«¡Hay que pagar!» . Decía Chimeneas, aquel popular personaje lucense cuando pasaba a su lado alguien que le debía dinero. Y a pagar, la Iglesia católica, que tiene tantos bienes terrenales que sobrarían para dar de comer a medio mundo. Y a más.
La clerecía, viviendo en el Medievo, ellos, que no nosotros, insiste en sus particularidades, en sus frecuencias, en sus chalaneos, pero no pagan en Lugo por todo lo que tienen. Ni en otras partes. Están por encima del bien y del mal. Y no pagan.
En Lugo y el resto de la provincia tienen propiedades, haciendas grandiosas, y no pagan ni el IBI. Tienen un párking en el antiguo Seminario que se lo pasan por la piedra a la hora de tributar pero, ¿esto qué es?
A cualquier ciudadano, al menor despiste en la declaración, nos manda Hacienda un aviso y, sin más, un embargo. A ellos no, que son divinos, o así lo parecen. Igualdad, o Concordato, qué más da para la injusticia.

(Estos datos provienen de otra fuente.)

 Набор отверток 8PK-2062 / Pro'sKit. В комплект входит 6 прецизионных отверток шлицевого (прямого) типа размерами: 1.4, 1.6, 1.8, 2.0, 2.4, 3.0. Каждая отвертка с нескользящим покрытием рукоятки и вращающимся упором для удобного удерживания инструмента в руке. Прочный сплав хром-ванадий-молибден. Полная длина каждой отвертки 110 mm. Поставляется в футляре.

Ahora algunos grupos o partidos de la oposición en el Ayuntamiento lucense se han rebotado con estas prácticas. Bueno. No está mal. Algo está cambiando desde el franquismo cuando el dictador, aún lo recuerdo, pasaba bajo palio desde el obispado, que regía por aquel entonces Antonio Ona de Echave, aquel obispo al que había que besarle el anillo al encontrarlo de frente, hasta la puerta de la Catedral.

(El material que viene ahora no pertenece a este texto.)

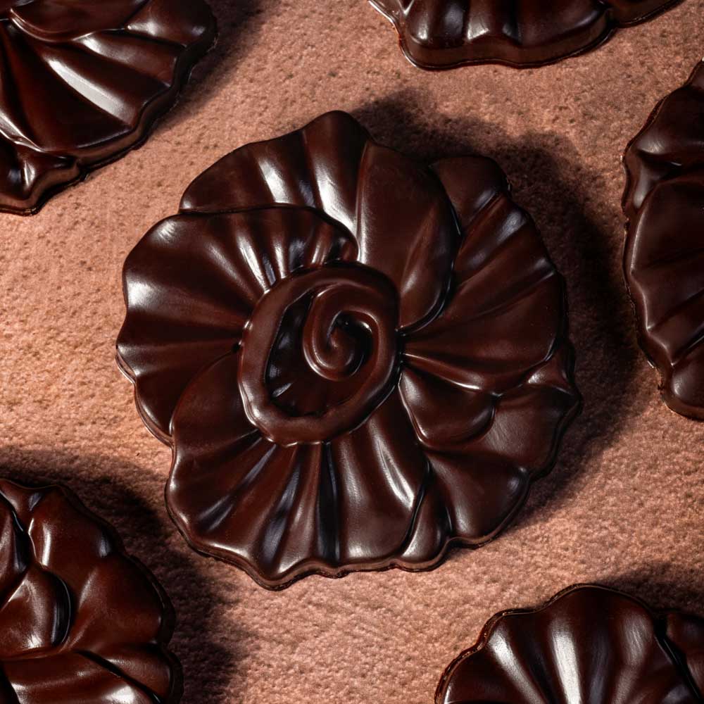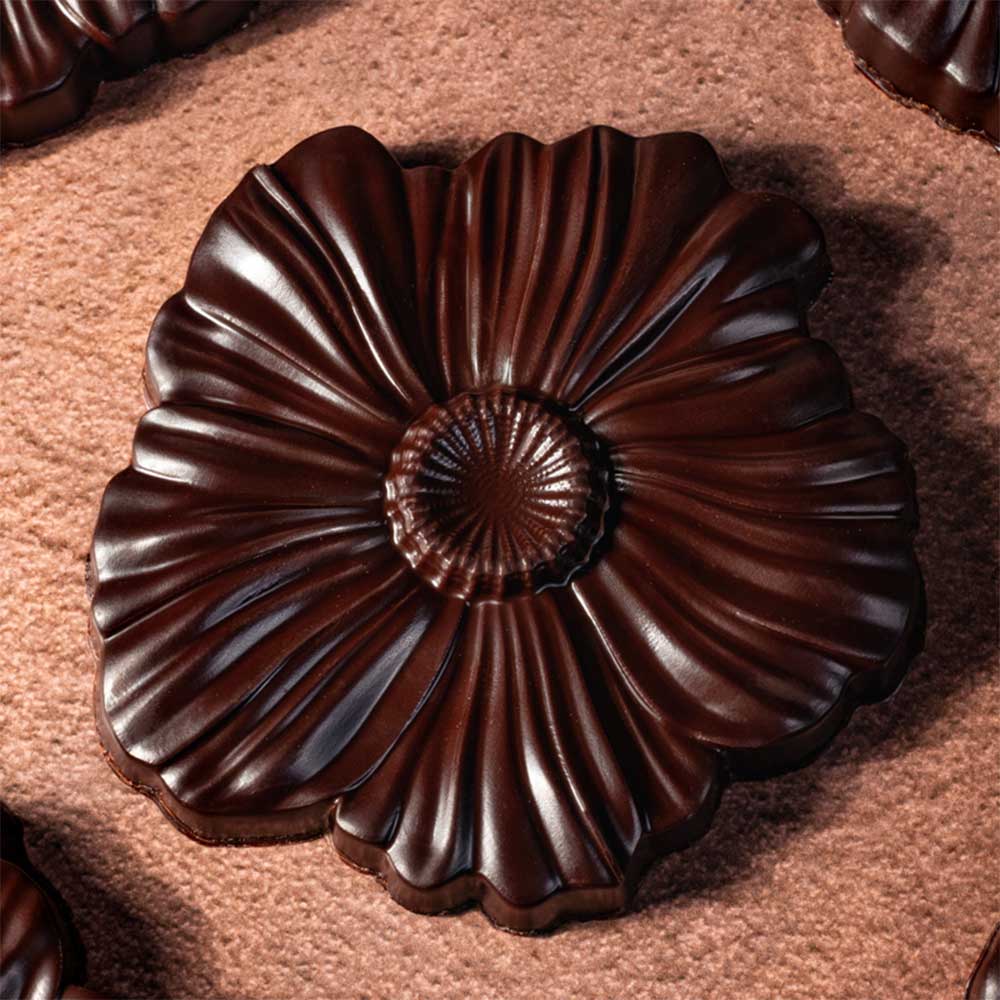 L’élégance d’un motif floral, toute la gourmandise enfantine du chocolat au lait ou du caramel et des jeux de texture pour le plus grand plaisir des petits comme des grands gourmands.

Digo yo, si todos pagamos nuestros impuestos, por qué los que muestran solidaridad, en teoría bíblica, con las clases desfavorecidas, no hacen lo mismo. Desde luego, el IBI es un impuesto que no se puede eludir, que nos lo digan a los lucenses, y sin embargo, la iglesia, por el careto, lo evade. Por lo que se ve, sigue habiendo ciudadanos de primera y de segunda, unos con alzacuellos opusdianos y otros, con visera.

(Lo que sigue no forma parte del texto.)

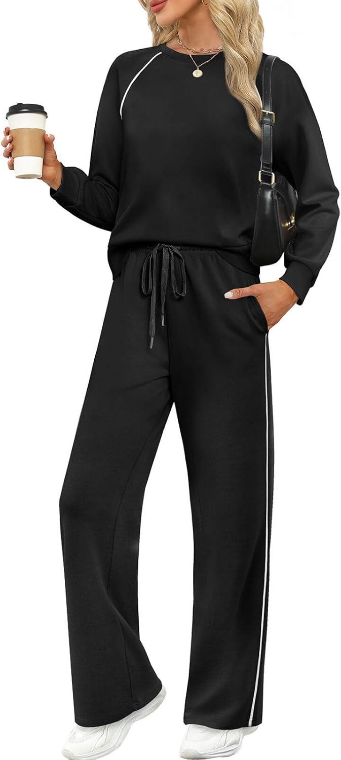 Sampeel Women 2 Piece Lounge Sets Sweatsuit Fall Outfits Matching Wide Leg pants Set Tracksuit Trendy Clothes(Black)

Pero quizás es que el mundo es así, o así ha sido desde hace siglos y entonces lo mejor es callarse. Y conformase. Porque además se creen en la razón, que es lo más peligroso para el razonamiento. Y no hablo de Kant, que es lo que les gusta y a veces, hasta predican. Lo digo por lo de la Razón Pura, que no por otra cosa. Ya se sabe.